## YOUR GOAL
Leaving pictures aside, restate exactly the lines of the data below, from the first one through the line that contains "Набор для сауны".

[Opening GIVEN ENTRIES section]

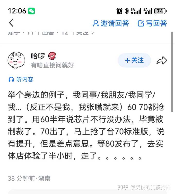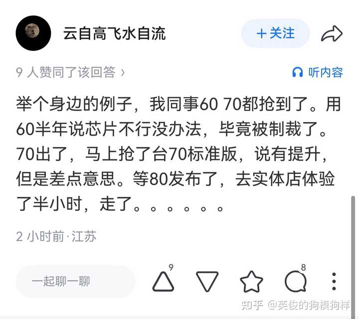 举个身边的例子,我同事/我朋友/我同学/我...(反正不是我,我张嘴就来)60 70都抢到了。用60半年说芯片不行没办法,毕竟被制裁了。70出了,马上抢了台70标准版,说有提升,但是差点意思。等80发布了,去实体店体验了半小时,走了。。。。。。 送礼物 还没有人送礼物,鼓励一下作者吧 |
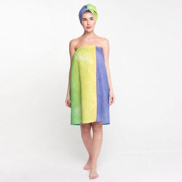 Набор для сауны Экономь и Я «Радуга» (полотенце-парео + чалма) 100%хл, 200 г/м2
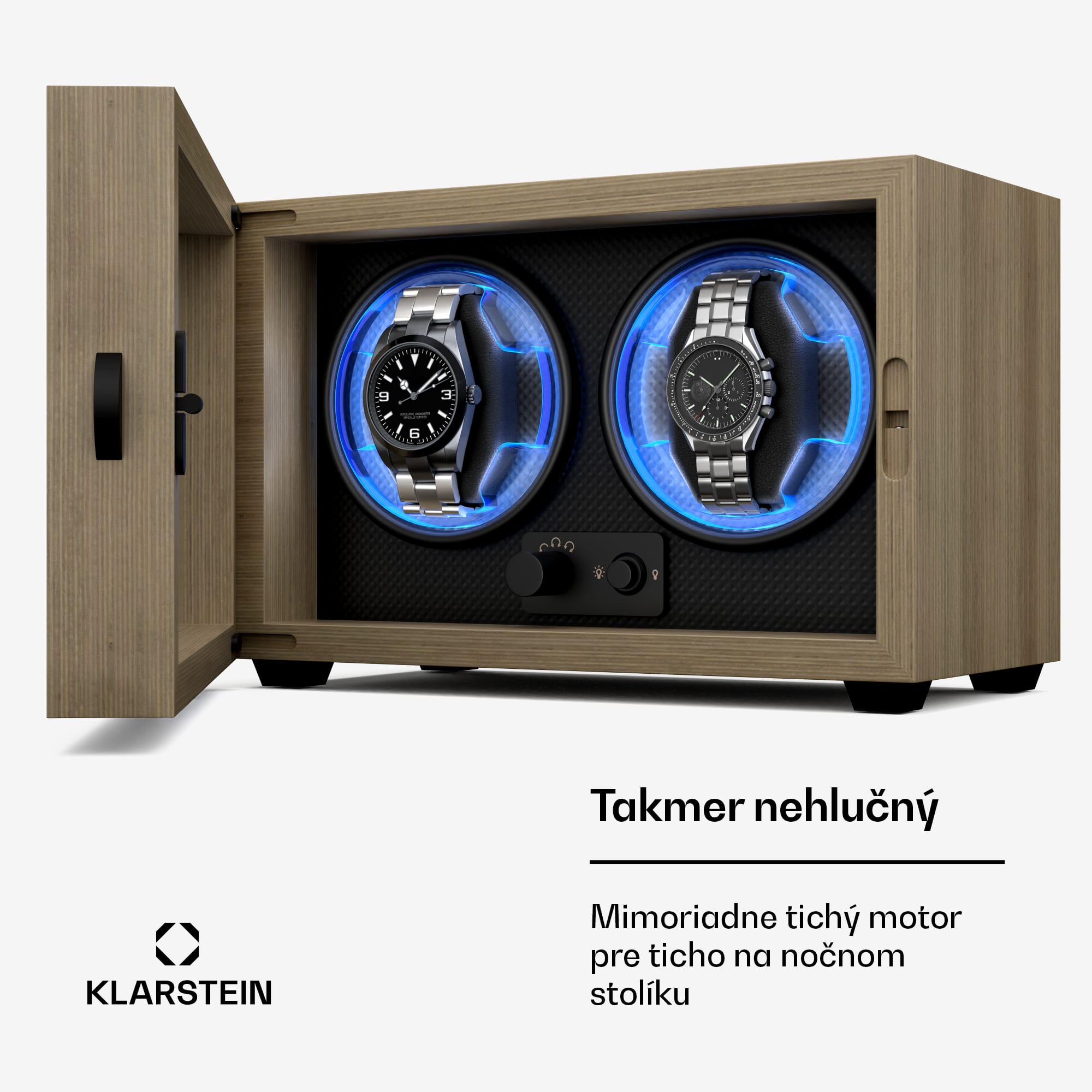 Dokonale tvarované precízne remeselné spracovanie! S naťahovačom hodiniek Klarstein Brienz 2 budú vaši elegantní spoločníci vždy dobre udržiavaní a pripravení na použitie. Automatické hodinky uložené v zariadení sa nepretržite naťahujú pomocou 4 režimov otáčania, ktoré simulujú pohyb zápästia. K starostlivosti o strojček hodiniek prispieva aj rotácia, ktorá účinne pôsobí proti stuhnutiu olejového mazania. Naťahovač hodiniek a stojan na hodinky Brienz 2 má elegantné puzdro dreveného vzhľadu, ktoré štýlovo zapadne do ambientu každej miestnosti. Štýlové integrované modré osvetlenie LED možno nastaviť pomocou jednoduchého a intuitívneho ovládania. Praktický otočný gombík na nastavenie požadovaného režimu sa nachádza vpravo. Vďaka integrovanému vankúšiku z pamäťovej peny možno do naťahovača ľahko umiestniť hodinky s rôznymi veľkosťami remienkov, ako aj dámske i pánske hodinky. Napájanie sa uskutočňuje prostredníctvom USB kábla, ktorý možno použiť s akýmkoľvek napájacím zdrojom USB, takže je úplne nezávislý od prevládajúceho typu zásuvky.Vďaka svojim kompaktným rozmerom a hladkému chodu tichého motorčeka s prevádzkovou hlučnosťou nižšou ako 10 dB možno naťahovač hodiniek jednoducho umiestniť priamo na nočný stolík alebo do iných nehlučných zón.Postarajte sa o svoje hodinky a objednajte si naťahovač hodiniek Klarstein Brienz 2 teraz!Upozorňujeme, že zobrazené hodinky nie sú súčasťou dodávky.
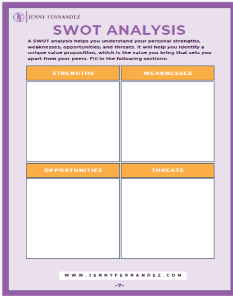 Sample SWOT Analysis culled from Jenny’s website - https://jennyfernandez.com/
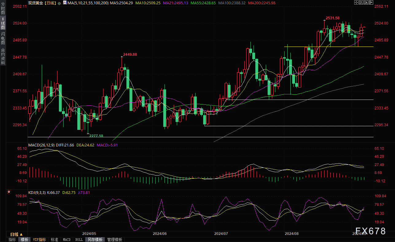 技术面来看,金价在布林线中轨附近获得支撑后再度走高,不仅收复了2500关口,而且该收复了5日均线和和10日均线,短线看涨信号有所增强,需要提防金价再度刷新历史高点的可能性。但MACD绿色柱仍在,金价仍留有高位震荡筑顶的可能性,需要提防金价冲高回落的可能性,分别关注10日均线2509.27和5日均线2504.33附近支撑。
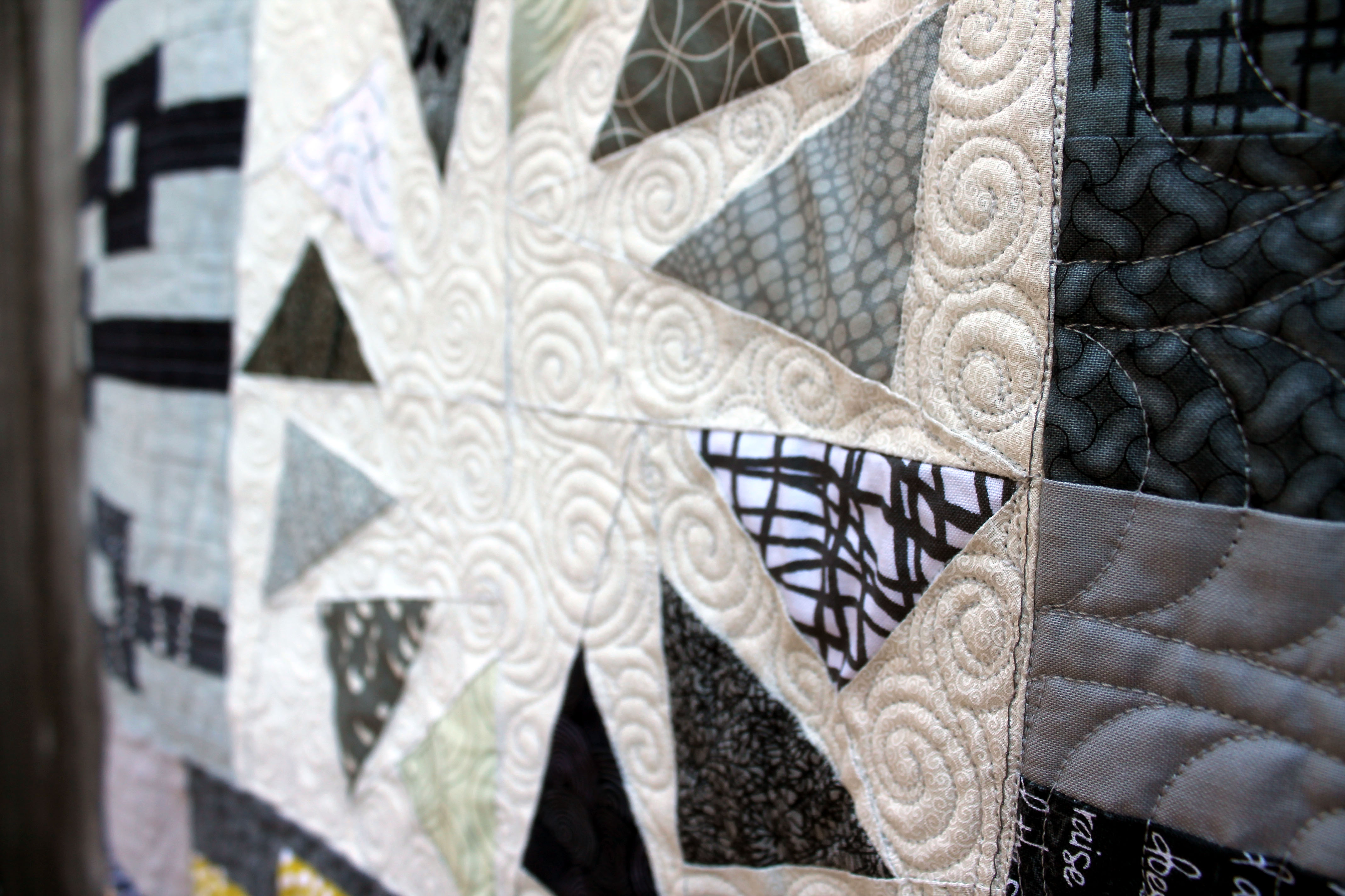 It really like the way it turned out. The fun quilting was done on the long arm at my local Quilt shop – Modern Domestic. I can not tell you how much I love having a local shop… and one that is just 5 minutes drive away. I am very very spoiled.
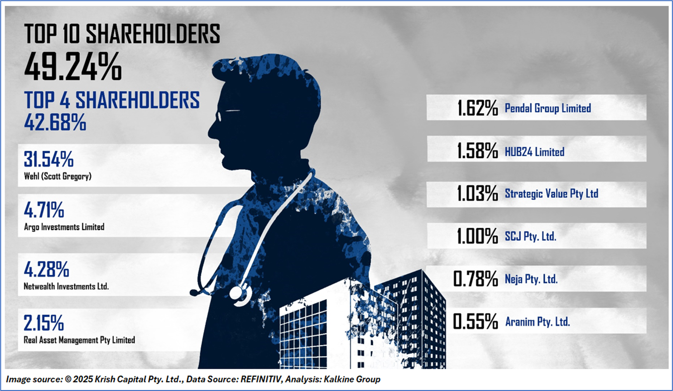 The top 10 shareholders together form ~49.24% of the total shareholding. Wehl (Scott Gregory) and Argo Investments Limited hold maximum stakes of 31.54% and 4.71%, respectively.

[Closing GIVEN ENTRIES section]

## ANSWER TO THE EXERCISE
 举个身边的例子,我同事/我朋友/我同学/我...(反正不是我,我张嘴就来)60 70都抢到了。用60半年说芯片不行没办法,毕竟被制裁了。70出了,马上抢了台70标准版,说有提升,但是差点意思。等80发布了,去实体店体验了半小时,走了。。。。。。 送礼物 还没有人送礼物,鼓励一下作者吧 |
 Набор для сауны Экономь и Я «Радуга» (полотенце-парео + чалма) 100%хл, 200 г/м2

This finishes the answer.